His feats are impressive. At age 57, Marshall Ulrich went 3,063 miles on foot, running about 60 miles a day for 52 days straight, from San Francisco to New York City. He was attempting to break a world record set by a man half his age and ultimately set two new records, completing the third fastest trans-American crossing in history.

You can imagine that being married to a guy so driven and prone to extremes requires a strength of its own, a special brand of emotional endurance. Ulrich’s wife not only puts up with this craziness but embraces it as an essential part of him. How? Why?

Ulrich wrote about all of this in Running on Empty: An Ultramarathoner’s Story of Love, Loss, and a Record-Setting Run Across America, now available in paperback. A central element in the book is a recounting of how Ulrich met his wife, Heather, late in life and how she taught him to love again after great personal tragedy and previous marriages.
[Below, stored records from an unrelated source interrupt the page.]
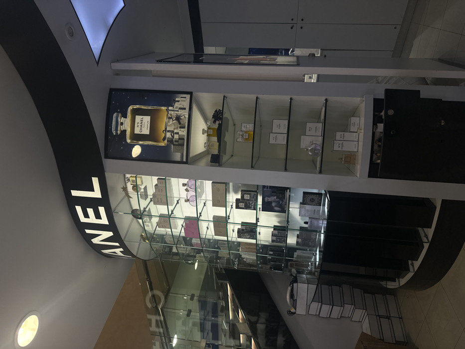 A rotating Chanel display features a large illuminated Chanel logo. Shelves showcase an array of Chanel perfumes and beauty products behind glass. A promotional image of Chanel No. 5 adorns the top shelf. Additional branding elements and product packaging are visible below, contributing to a luxurious and branded presentation.
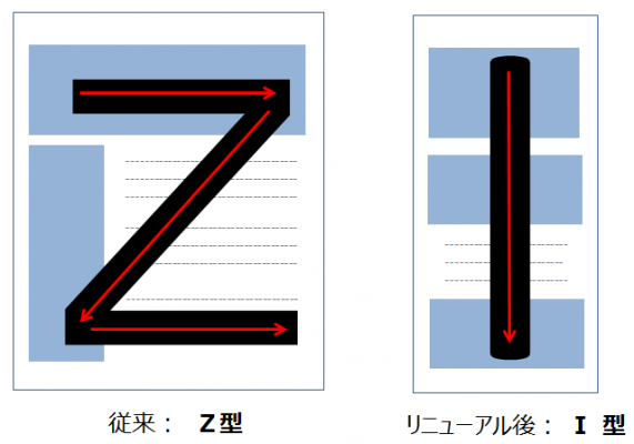 パソコンが主流の従来では、サービスをすみずみまで理解しようとするため、人の視線が「Z型」に動いていたのに対し、昨今多くの人はスマホを使ってサイトを見るため、フリックしながら飛ばし読みをする「I型」でサイトを閲覧する傾向が強いことをマーケティング要素として取り入れ、お客様がストレスなくサービスを理解できるよう改修致しました。
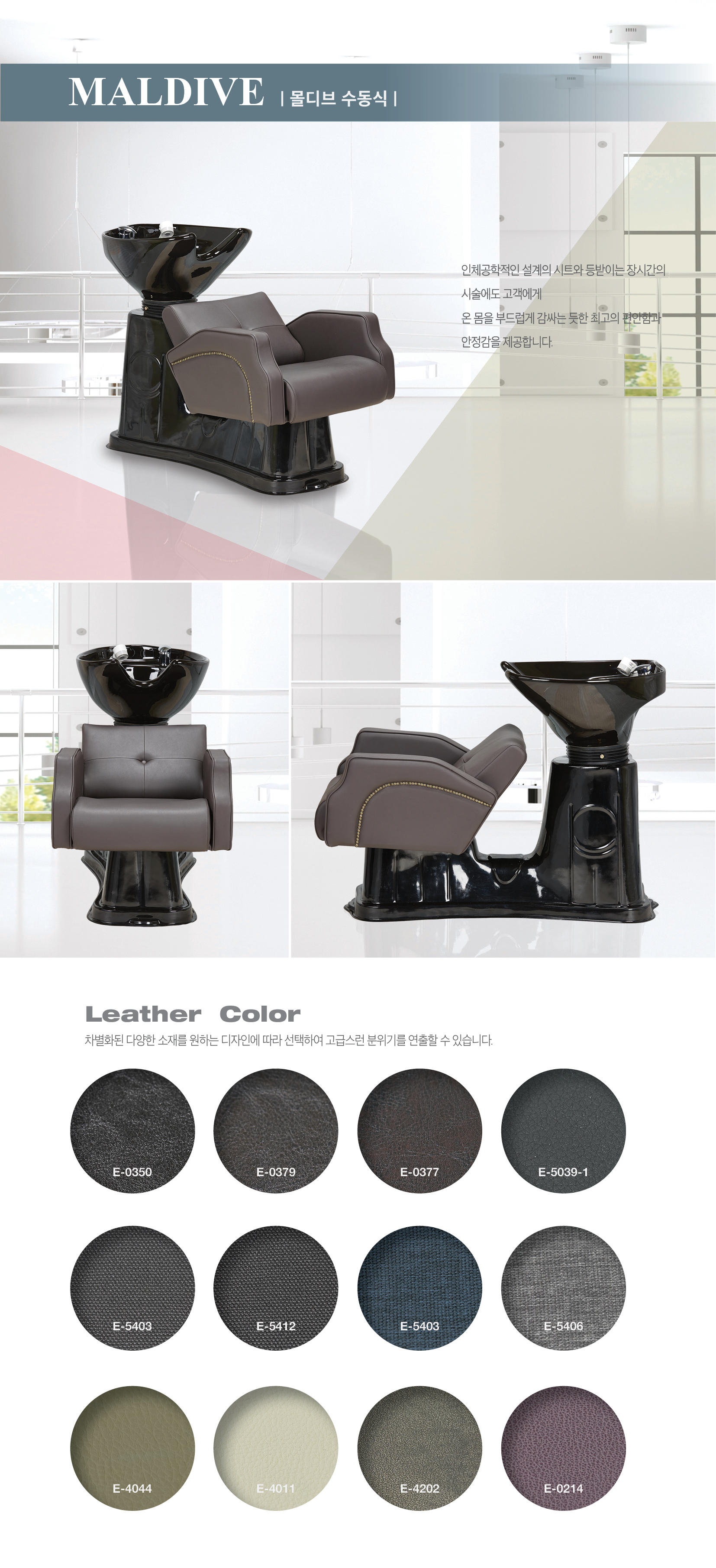 인체공학적인 설계의 시트와 등받이는 장시간의 시술에도 고객에게 온 몸을 부드럽게 감싸는 듯한 최고의 편안함과 안정감을 제공합니다.

He credits her not only with helping him to become a better man, but also with being crucial to his completing this epic, record-setting transcontinental run.

Some “how to” tips for women in a relationship with a “crazy” man:

• Let men be men. All of us need to express ourselves in unique ways, and for one man, it may be running across the U.S., while for another, it may be a guys’ getaway in Baja, Mexico, and for another, it may be watching a show about Bigfoot.
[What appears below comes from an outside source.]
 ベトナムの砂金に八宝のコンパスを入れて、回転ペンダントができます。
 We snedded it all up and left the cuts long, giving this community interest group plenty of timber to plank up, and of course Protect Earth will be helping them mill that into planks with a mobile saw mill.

• Respect that thing you think is silly or risky or even dangerous, as it can bring out the best in both of you. It isn’t anti-feminist to embrace the dreams and aspirations of men who want to test their mettle, whether that’s in sport, business, finance, or any other classically male area of contest. This also applies to men who want to explore the arts and other creative pursuits. The truth is that most men like to succeed, no matter their particular interest.

• Agree that this is a reciprocal arrangement, where both partners are committed to seeing the other become the fullest versions of themselves. If you can find it in your heart to encourage him in something you’d otherwise ignore or even dismiss, he can do the same for you. Who knows what you might accomplish together?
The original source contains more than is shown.